Exercise aim:
Only the lines from the top of the listing below through the line containing "Наша унікальна структура" should be output, exactly and with no pictures.

Data to examine:
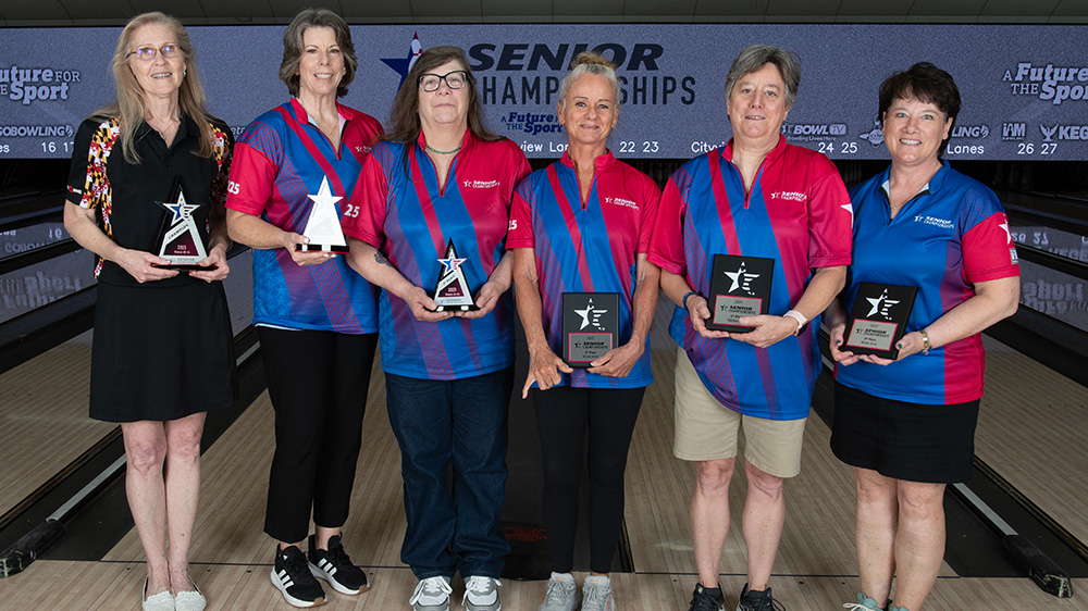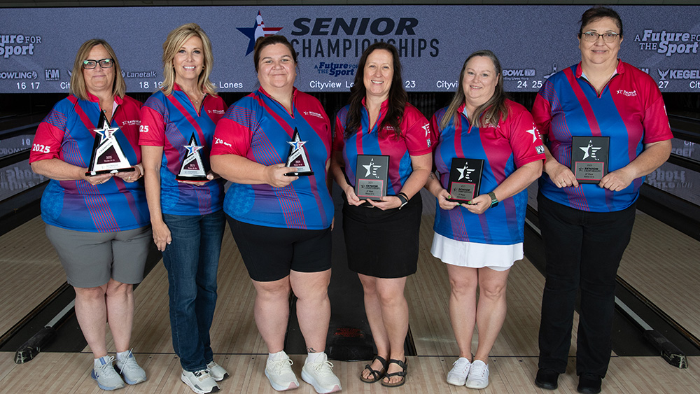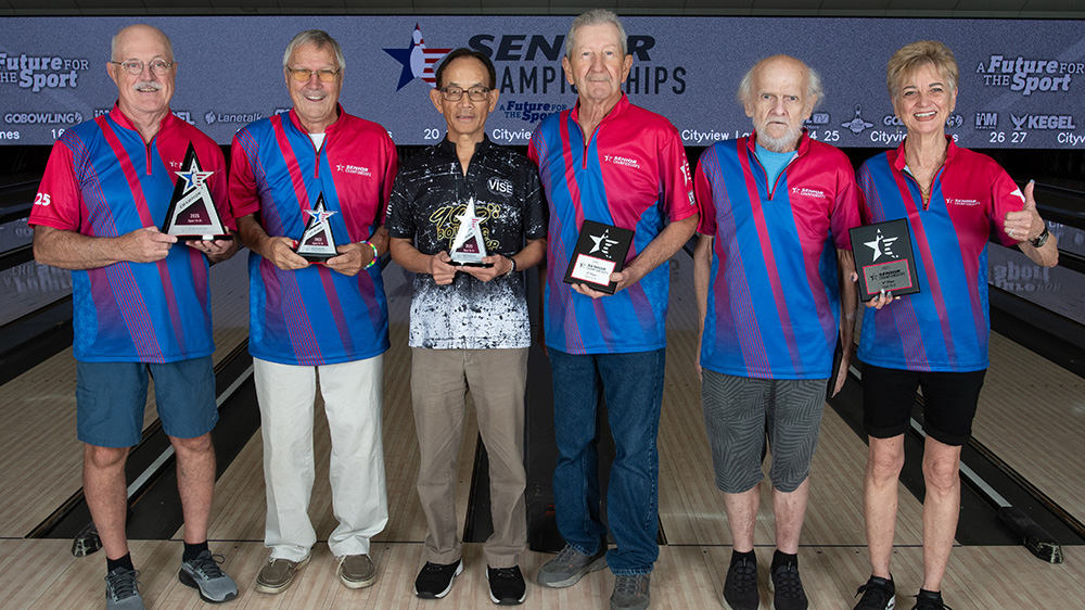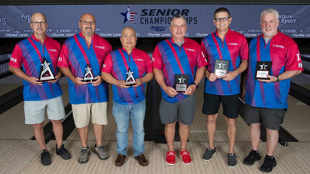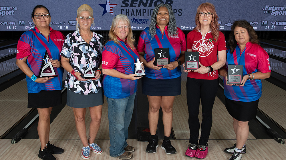 The top six finishers from each division at the 2025 USBC Senior Championships are pictured below. All scores include handicap and bonus pins based on seeding. Find full standings here.
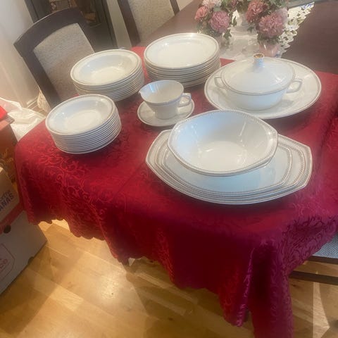 To stk Rörstrand Europa tallerken med en diameter på 24 cm. Tallerkenen har en hvit base med blå dekor langs kanten. Selges samlet. Minner litt om spindelvev, veldig fin og spesiell dekor. Kan hentes eller sendes. Se også mine andre annonser på Finn.
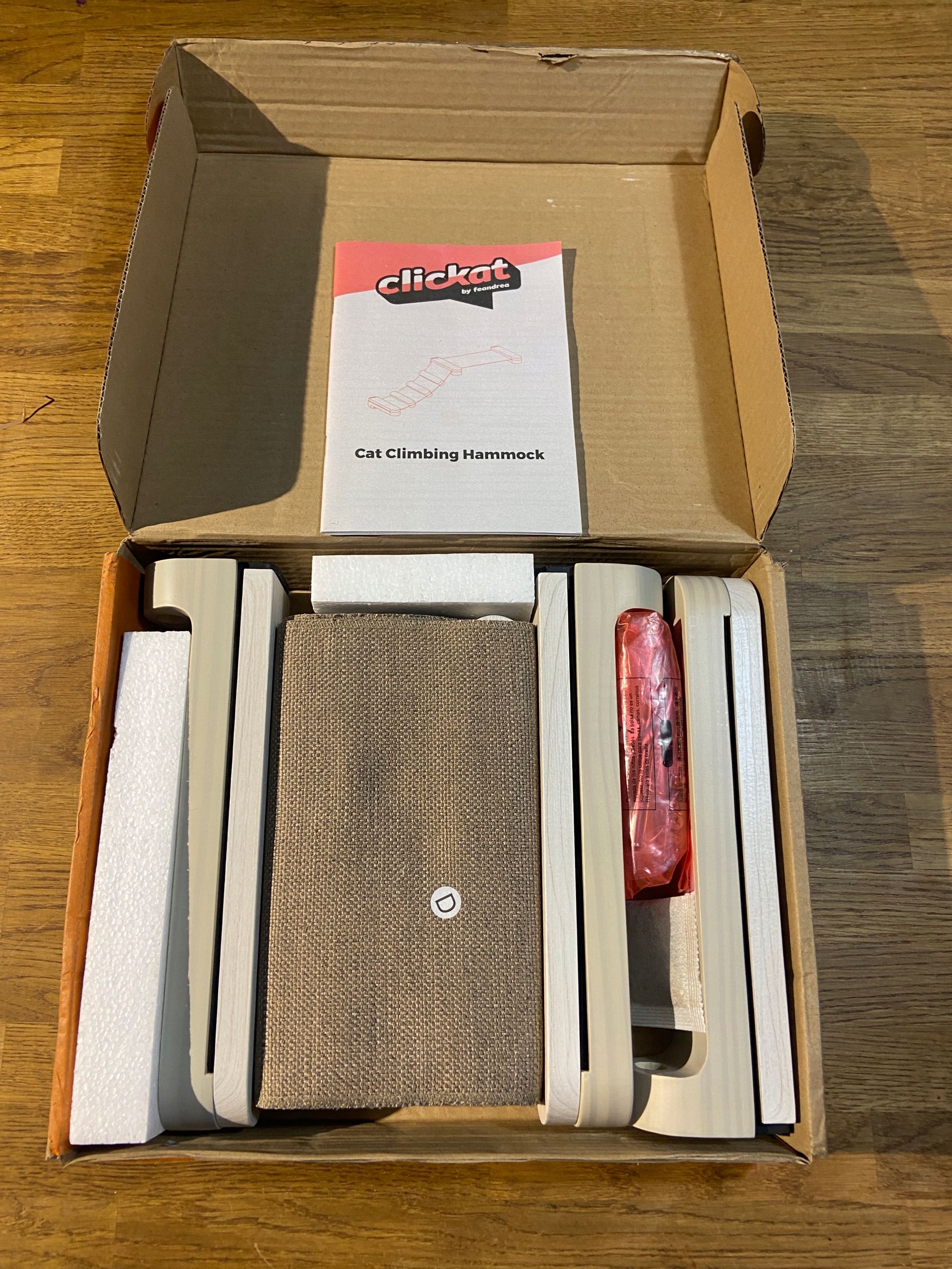 Наша унікальна структура Clickat робить збирання та розбирання цього котячого гамака легким. для настінного монтажу - це дитяча гра та економія 50% часу. Просто вставляйте деталі, доки не почуєте клацання – готово!
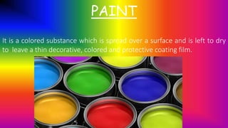 Paint is a colored substance that is spread over a surface to form a decorative and protective coating. It has components like pigments, solvents, additives, and resins. There are different types of paints like enamel, emulsion, cement, and bituminous paints. Paints can be water-based or oil-based and are classified according to their composition and drying method. Varnish is a transparent protective finish used in wood finishing that intensifies the natural grains. It forms a hard, durable, water-resistant film and does not hide the wood grains.
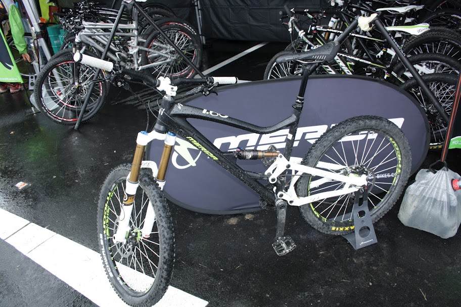 Neben dem 29er stellte Merida außerdem das neue Enduro One-Sixty vor. Das Gewicht des Rahmen soll bei unter 3kg liegen! (exkl. Dämpfer) Negativ anzumerken ist jedoch die unsaubere Zuführung ohne innenverlegte Züge. Dies hätte schöner gelöst werden können, wie man es von Merida gewohnt ist.
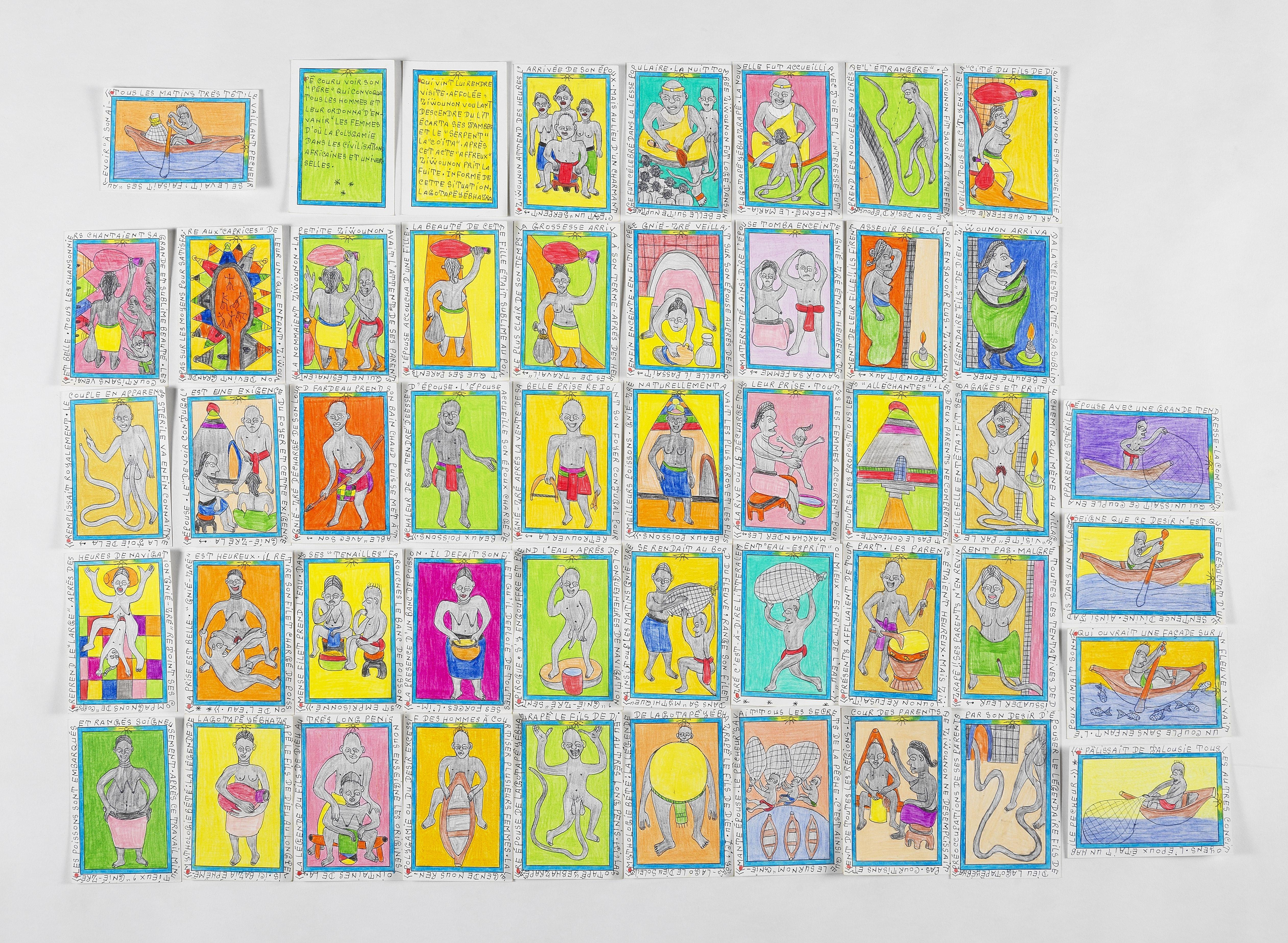 Mythologie bété: la légende de lagotapêyébhazrapê le fils de Dieu. Ici Yôrô-Lago le Dieu soleil.Tous les matins très tôt, le vaillant pêcheur se levait, faisait ses "aurevoir" à son ai/mante épouse.Ziwounon attend des heures l'arrivée de son époux. Mais au lieu d'un charmant c'est un "serpent", série de 48 dessins, stylo bille et crayons de couleurs sur carton, chacun signé, daté au dos entre le 9 et 10 mai 2008 et numérotés de 1 à 48, 18x12 cm. Provenance: famille de l'artiste

Solved exercise:
 The top six finishers from each division at the 2025 USBC Senior Championships are pictured below. All scores include handicap and bonus pins based on seeding. Find full standings here.
 To stk Rörstrand Europa tallerken med en diameter på 24 cm. Tallerkenen har en hvit base med blå dekor langs kanten. Selges samlet. Minner litt om spindelvev, veldig fin og spesiell dekor. Kan hentes eller sendes. Se også mine andre annonser på Finn.
 Наша унікальна структура Clickat робить збирання та розбирання цього котячого гамака легким. для настінного монтажу - це дитяча гра та економія 50% часу. Просто вставляйте деталі, доки не почуєте клацання – готово!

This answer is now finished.